The draw for the 2016 European Championship qualifiers is to be made in March 2016. By then UEFA could have a new member… Gibraltar. In May member nations will vote to decide on Gibralter’s inclusion. Gibraltar’s Football Association are bidding to join the international football community but for many years were stifled by a UEFA rule that states the ruling body will only acknowledge nations that are recognised by the United Nations. However, this changed in October when the court of arbitration for sport instructed UEFA to award the British colony provisional member status. The Spanish FA once stated rather fancifully they would boycott any tournament that involved Gibraltar. When the draw was made for the 2014 Futsal European championships, UEFA ensured that even if Gibraltar progressed from their group there would be no possibility of an explosive clash with Spain. Should the vote fall in favour of the GFA it could open a period of political mayhem with Jersey, Kosovo and Greenland all eager to dine at one of football’s most lucrative tables.

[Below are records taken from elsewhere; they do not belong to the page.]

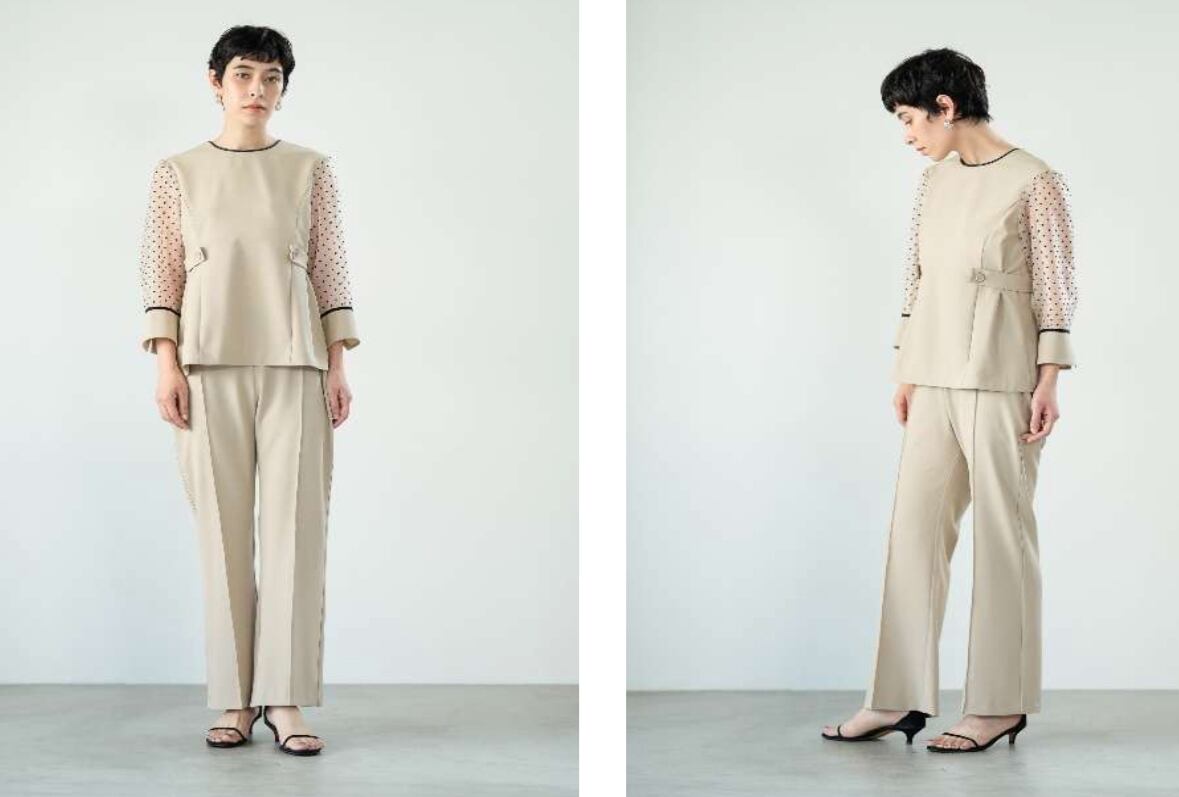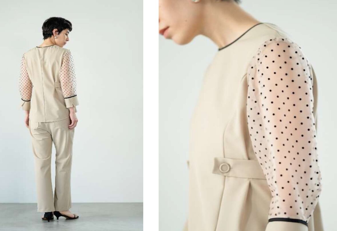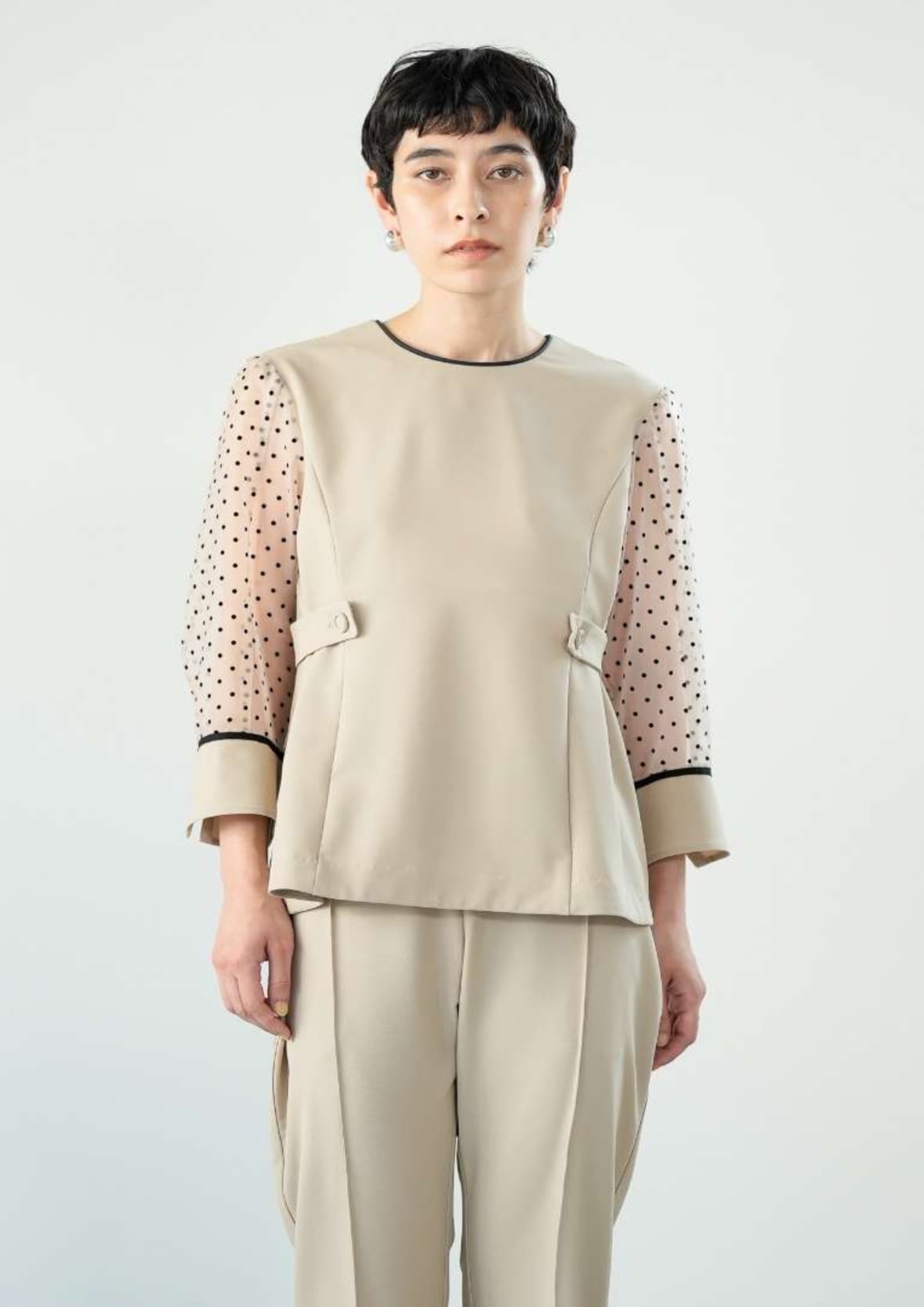 繊細に透けるドット袖がクラス感あるムードをかもすフォーマルブラウス。身頃には程よい肉感で透けのない落ち感がきれいなドレープ素材を活かし、Lallia Miの立体裁断技術によって上品で美しいフレアを表現しました。サイドのペプラム風デザインがストンと落ちた身頃と対比してフェミニンなムードを盛り上げます。
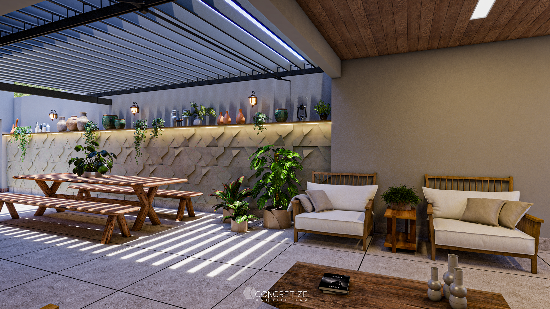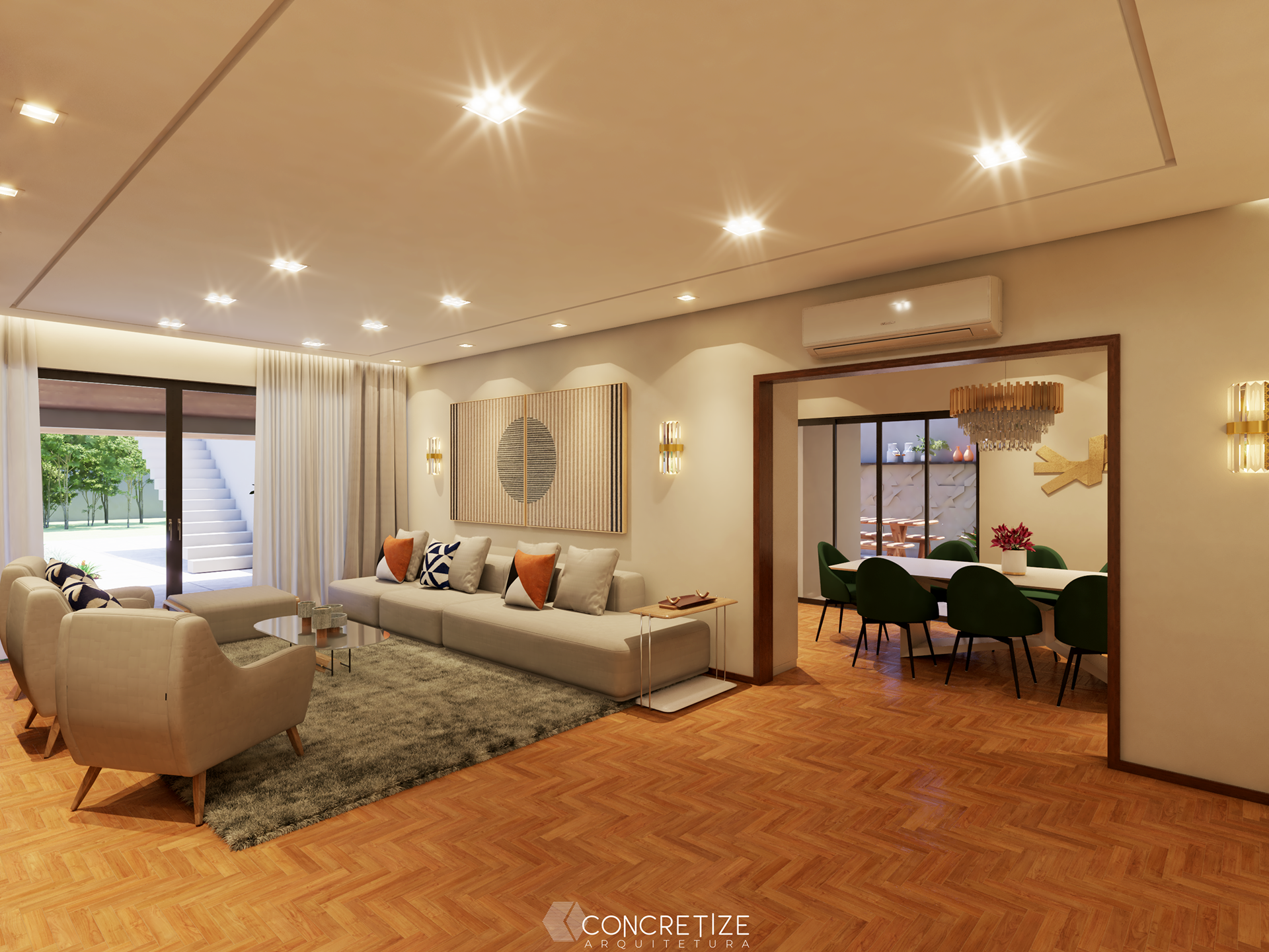 O pedido dos moradores era claro: manter a alma da casa, mas adaptar os espaços para a nova fase da vida. Foi necessário ampliar a garagem para 4 carros, garantindo segurança também para os filhos, hoje adultos, e criar um muro baixo com portão de pedestre, trazendo mais proteção sem perder a leveza da fachada.
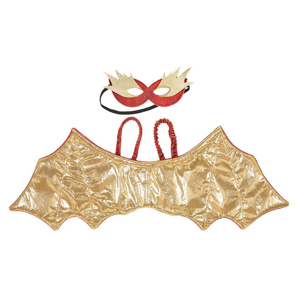Zestaw akcesoriów: miękkie skrzydła i maska Red dragon holenderskiej marki Souza! Szerokie złote skrzydła wykonane są od spodu z fakturowanej czerwonej tkaniny, imitującej smoczą skórę. Czerwona maska ma złote aplikacje ogników.
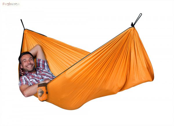 Туристический подвесной гамак для одного Colibri orange - очень лёгкий, изготовлен из мягкого и хорошо пропускающего воздух парашютного шёлка. Благодаря встроенной системе для подвешивания, гамак можно быстро подвесить или снять. С этим гамаком можно чувствовать себя комфортно повсюду, в дороге или дома. Ткань сохнет быстро и несмотря на свой малый вес очень прочная. Кроме того, гамак Colibri можно без особых усилий превратить в покрывало.
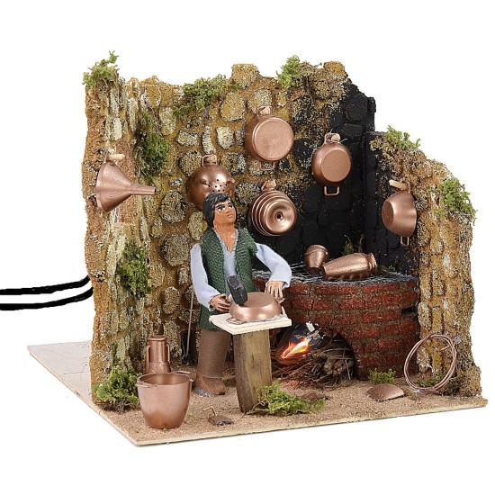 Coppersmith in motion who beats with a hammer on a copper pan to work it, made of terracotta by skilled Italian artisan hands, presents an oven with fire effect running on current that helps to make the scene alive. The scene is treated in detail, the environment is rich in details such as the copper objects already worked, the pieces discarded on the ground on the floor, the black smoke stain on the wall behind the oven, the tree branches used as a source. energy.
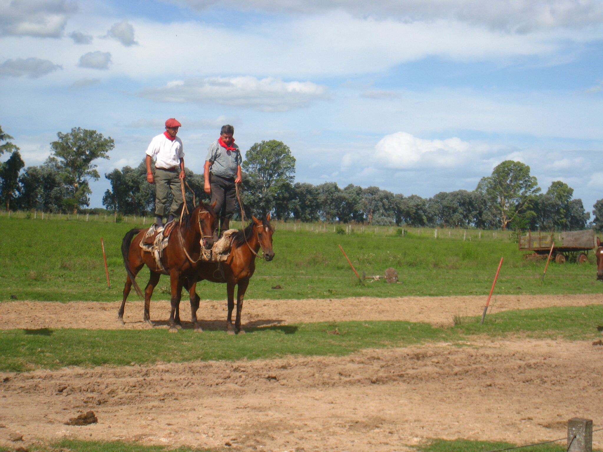 After dessert (traditional flan and very sweet coffee) and a short-lived attempt to minesweep some wine from the numerous tables who’d left theirs (?), we were herded over to the Horse Show. Sat in the shade by the side of a field, we watched as two gauchos aimed to show off their skills – including how to catch an ostrich, choose a good horse (slalom and race), get your horse to trust you (to the point you can lie on it) and get a kiss from a lady (collect a small hook at speed). Luckily Charlie didn’t have to kiss one of them otherwise Jase, as her husband, would have had to have kissed the horse.
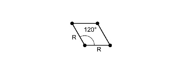 К счастью для нас задачу с плотностью объектов и взаимным их расположением уже давно решили в другой области. Для кристаллических решеток давно придуманы понятия точечных групп, решеток Браве, пространственных групп и сингоний. Чтобы не запутаться в кристаллографии мы просто представим себе, что у нас игроки расположены в вершинах правильных треугольников для плоского случая задачи и в вершинах правильных тетраэдров для объёмного случая. Таким образом в плоском случае у нас получаются равные шаги трансляций под углом 120° и ромбовидная элементарная ячейка, а во втором случае мы не будем использовать углы, а просто сразу по характеристикам правильного тетраэдра вычислим объём элементарной ячейки. На рисунках 5а и 5б показаны примеры для обоих случаев размерностей задачи.
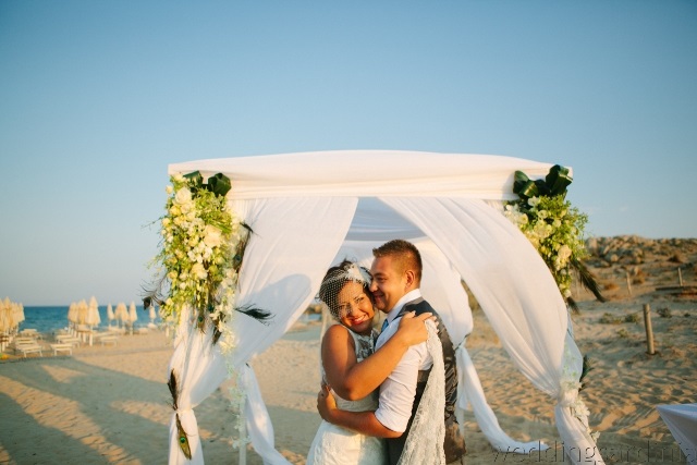 Tamsin and Elliott chose a peacock wedding theme to give a chic, classy, elegant and sophisticated look to their beach wedding in Chia.
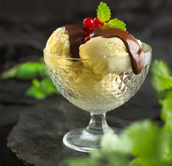 Lag kuler av isen og legg i avkjølte skåler. Hell sjokoladesausen over isen og legg på rips og sitronmelisse.
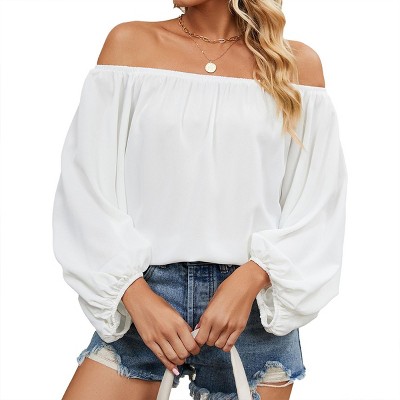 Imily Bela Womens Off The Shoulder Top Long Bell Sleeve Blouse Loose Fit
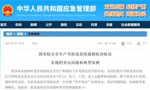 继国务院2020年度省级政府安全生产和消防工作考核巡查开展以来,为切实提升考核巡查实效,近日国务院安委会办公室同步派出多个矿山、化工、工贸、水上运输和渔业船舶、燃气等重点行业领域暗查暗访组,分赴各地协同考核巡查一并开展“四不两直”暗查暗访,查证问题线索,加强典型案例曝光。5月3日,应急管理部网站发布第一批在暗查暗访中发现的突出问题和典型案例通报。
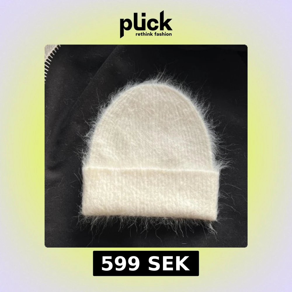 Mysig vit mössa i fluffigt material, perfekt för kyliga dagar. Den har en enkel design med uppvikt kant som ger extra värme och stil.

When 17 year old Michael Owen burst onto the scene in 1997 it taught me a vital lesson…. football supporters can maintain wondrous childlike fascinations other people can’t! Despite being 28 years of age and carrying battle hardened cynicism like a medal, I immediately idolised Owen. He was a very special player. Talented, fast and exciting, with an ability to create a yard of space for himself and score goals from odd angles. Michael Owen had the lot. I hoped for the boy wonder’s inclusion in Glenn Hoddle’s World Cup squad and my wish was granted. In St Etienne he scored his brilliant solo goal against Argentina my prodigy, rightly, became a global superstar. On his return to club football he scored a brilliant hat trick against Newcastle. As the plaudits rolled in the cap size remained the same. The archetypal mature head on young shoulders. One of my dearest wishes was for Owen to beat Bobby Charlton’s England scoring record…. for Owen to make history, and to finally shed one of the ghosts of 1966. Ongoing injuries scuppered that possibility but 40 goals in 89 international appearances is an impressive record for any player. Hampered by injuries his appearances have been intermittent in recent years an his decision to retire from playing isn’t a huge shock. In Michael Owen can reflect on English football’s great goalscorers.